Interdependence modeling of wind farm frequency support feasible region: A non-iterative system-wide dynamic characteristics scheduling

The provision of frequency regulation support (FRS) services by wind farms (WFs) is of crucial importance for frequency stability of power systems with high-penetration renewable energy. With time-varying wind speed, real-time scheduling for the FRS characteristics of WFs is essential for ensuring the security of system frequency and dynamic power flow (PF). However, the extensive number of wind turbines (WTs) and interdependence of frequency support capabilities (FSCs) among WFs contribute to the complexity of FRS dynamics, rendering the quantification of FRS security of WTs challenging, especially in the absence of precise WT parameters.

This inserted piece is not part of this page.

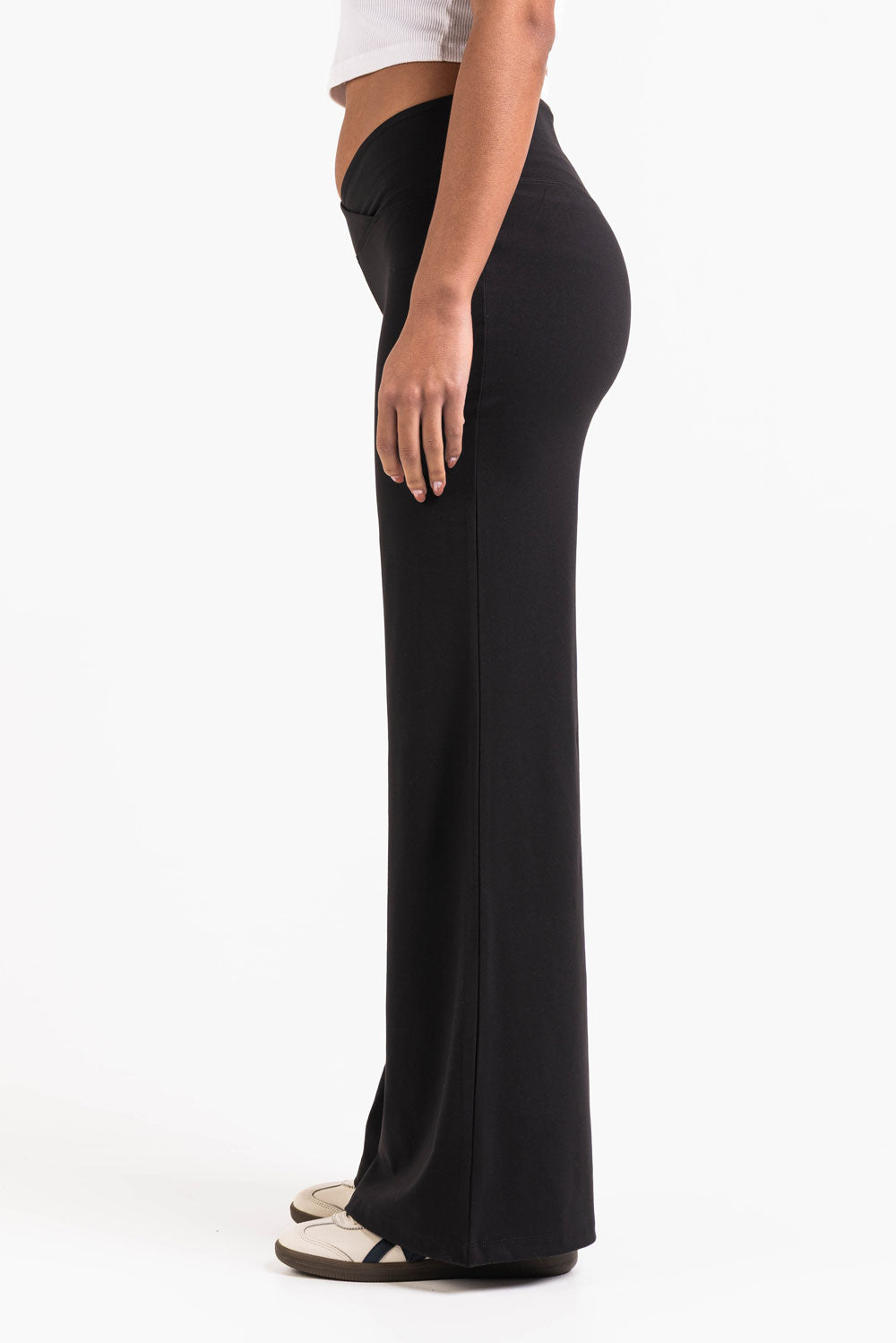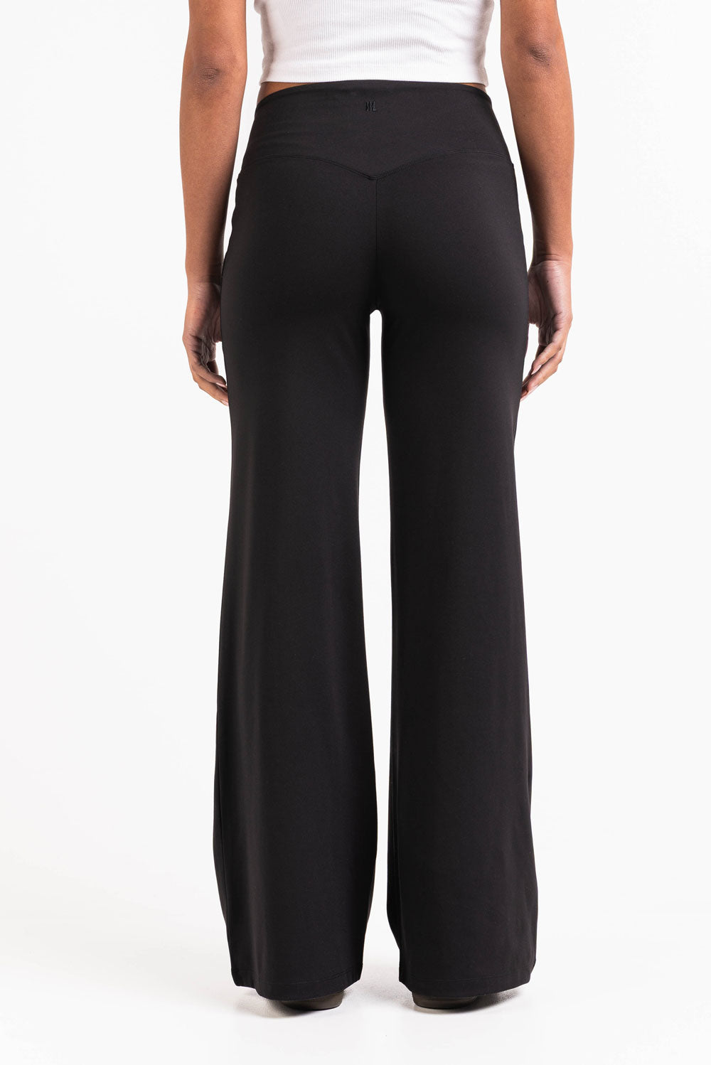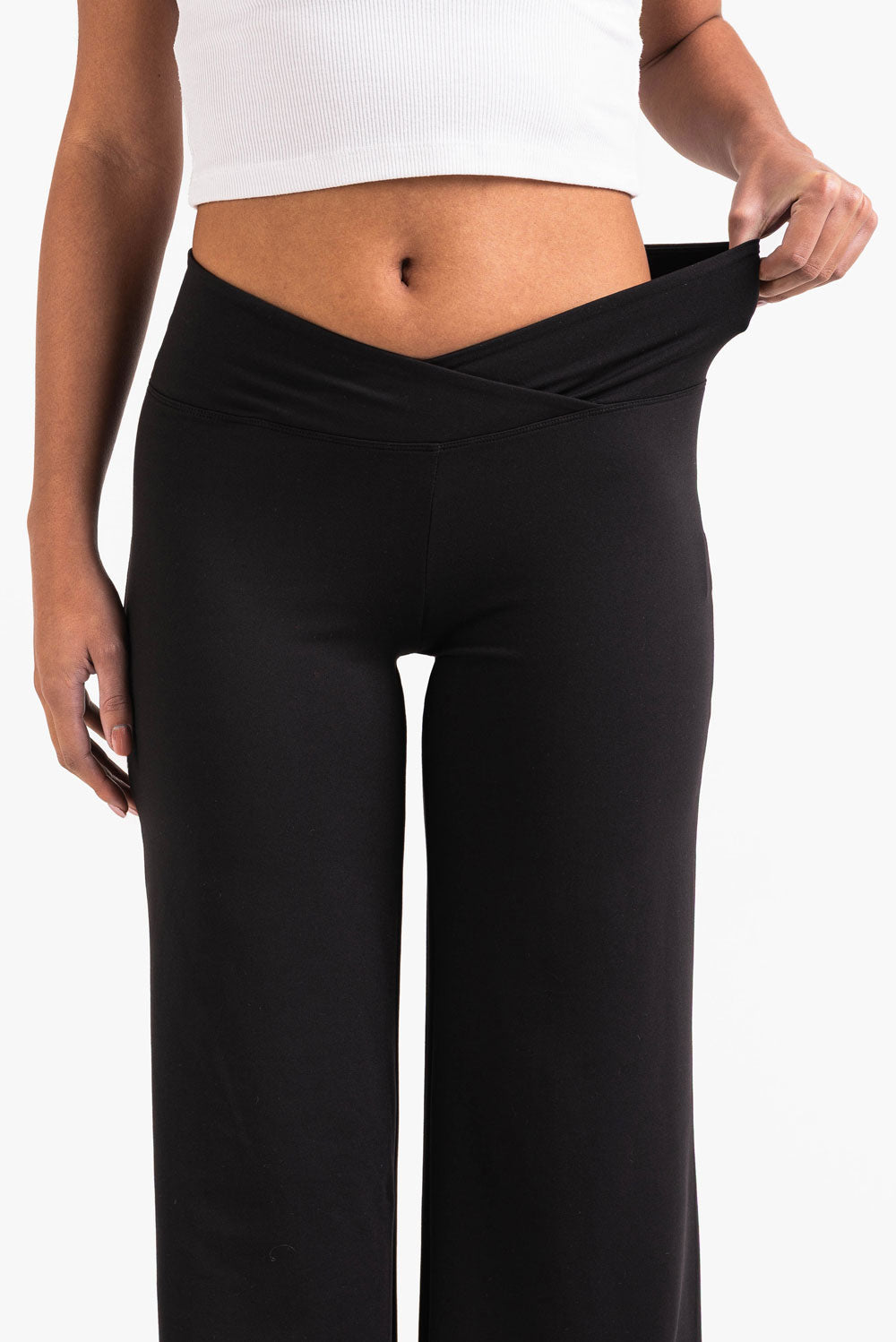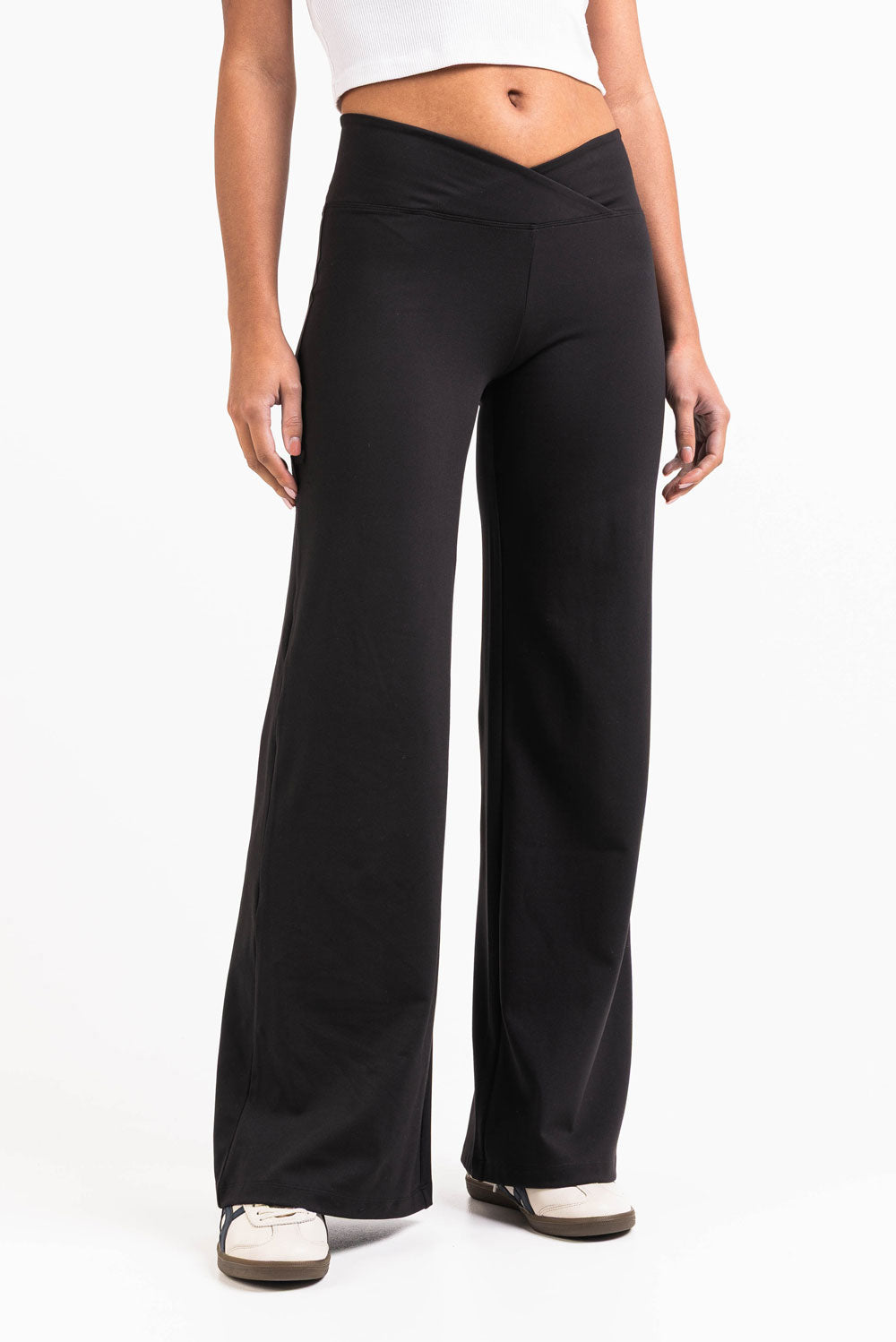 Dessa leggings med en smickrande V-formad midjeband har vida ben med en sömlös ficklös design. En elastisk midja säkerställer flexibilitet, vilket gör dessa leggings perfekta för både aktiva och avslappnade dagar.

Therefore, this paper proposes a data-driven method for modeling interdependence of FSCs across WFs. Utilizing space transformation, the original complex nonlinear FRS dynamics of WTs are transformed into a dimension-augmented linear model, facilitating the construction of an analytical expression for FSCs. On this basis, an optimal scheduling model considering the interdependent characteristics of FSCs is developed, which can be solved by employing a hybrid algorithm combining Kriging-assisted surrogate with piecewise elite learning strategy. The simulation results demonstrate that the proposed method enables fast online scheduling of FRS characteristics for WFs, minimizing FRS costs while maintaining system frequency, WTs, and PF security, and enhances computational efficiency by 98.54 % without reliance on physical parameters.